Hurricane Dorian Has a New Path

Experts predict that Florida won't get a direct hit
By Newser Editors and Wire Services
Posted Aug 31, 2019 11:30 AM CDT
Dorian Is Expected to Take a New Path
Georgia Bernard, right, and Ana Perez are among residents filling sandbags to take home in preparation for Hurricane Dorian, Friday, Aug. 30, 2019, in Hallandale Beach, Fla., as the town allowed residents to fill up sandbags until they ran out.   (AP Photo/Wilfredo Lee)

Hurricane Dorian bore down on the Bahamas as a fierce Category 4 storm Saturday, with new projections showing it curving upward enough to potentially spare Florida a direct hit but still threatening parts of the Southeast US with powerful winds and rising ocean water that causes what can be deadly flooding, the AP reports. Dorian is packing 150 mph winds, and forecasters predict it will flirt with top-of-the-scale Category 5 wind speeds of 155 mph later in the day as it menaces the Bahamas. The storm is expected to hit the northwestern part of the islands Sunday. Over two or three days, it could dump as much as 4 feet of rain, unleash high winds, and whip up an abnormal rise in sea level called storm surge, according to private meteorologist Ryan Maue and some of the most reliable computer models.

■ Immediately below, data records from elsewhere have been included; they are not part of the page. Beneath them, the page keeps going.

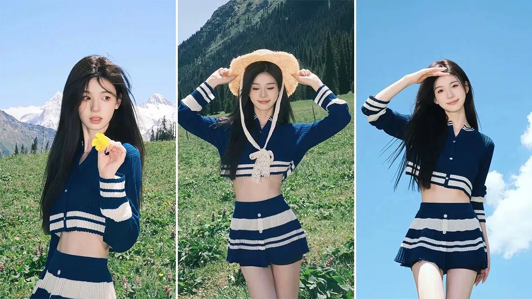 以澄澈蓝天为背景,单手举在额前做遮阳状,手肘自然弯曲,另一只手轻轻垂在身侧。这个姿势简洁又出片,用手部动作营造出与环境的互动感,还能悄悄凸显身材比例。蓝天的纯净感把人物衬得格外清新,仿佛是从画报里走出来的少女,画报感瞬间拿捏。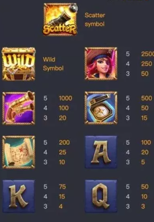 - สัญลักษณ์ โจรสลัดสาว อัตราการจ่ายรางวัล อยู่ที่ 3 ตัว จ่าย 50, 4 ตัว จ่าย 250 และ 5 ตัว จ่าย 2,500 ตามลำดับ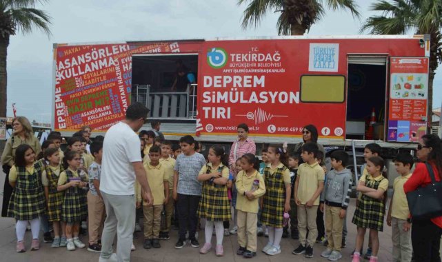 Özellikle çocukların ve gençlerin deprem gerçeğine karşı farkındalığını artırmayı hedefleyen Deprem Simülasyon Tırı, deprem sırasında güvenli alanlara nasıl ulaşılacağı, aile bireylerinin bir araya getirilmesi ve ilk yardım gibi konulara değinildi.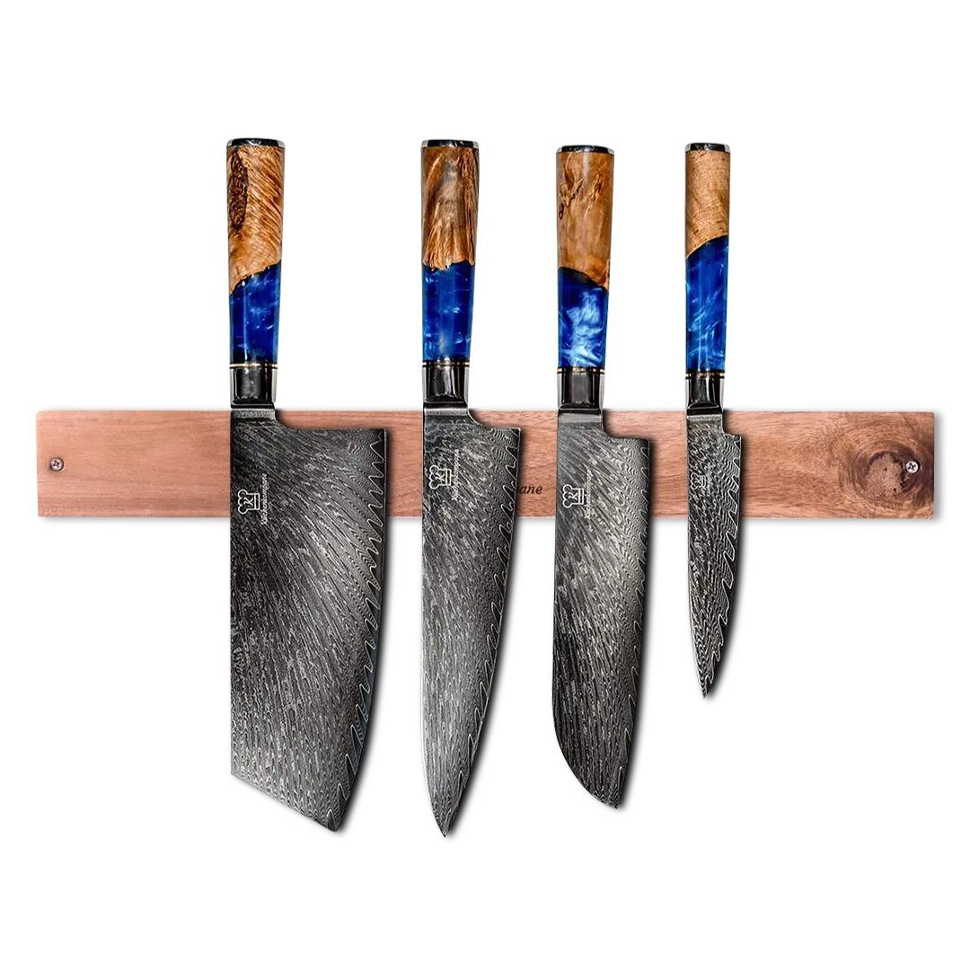 Der einzigartige Griff besteht aus wunderschönem Holz und blauem Harz, die zusammen ein visuell beeindruckendes Meisterwerk ergeben, das perfekt in deine Küche passt.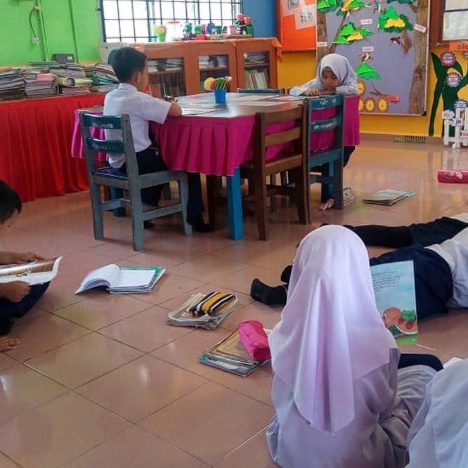 - Separate reading areas for younger and older students to create an inviting and productive space for all.

After walloping the islands, forecasters said the ever-strengthening Dorian is expected to dance up the Southeast coastline, staying just off Florida's shore and skirting the coast of Georgia, with the possibility of landfall still a threat Wednesday. It will continue up to South Carolina early Thursday. The National Hurricane Center in Miami said the risk of strong winds and rising water will increase along the Georgia and South Carolina coasts by the middle of next week. The center also stressed that Dorian could still hit Florida. But after days of a forecast that put the state and President Donald Trump's Mar-a-Lago estate in the center of expected landfalls, the changes are significant. "It's going to be pretty scary because you're going to have this gigantic hurricane sitting off the coast of Florida and it's not going to move," Maue said. But with the storm slowing and likely to turn north, he added: "The worst effects of a direct landfall are not in the forecast."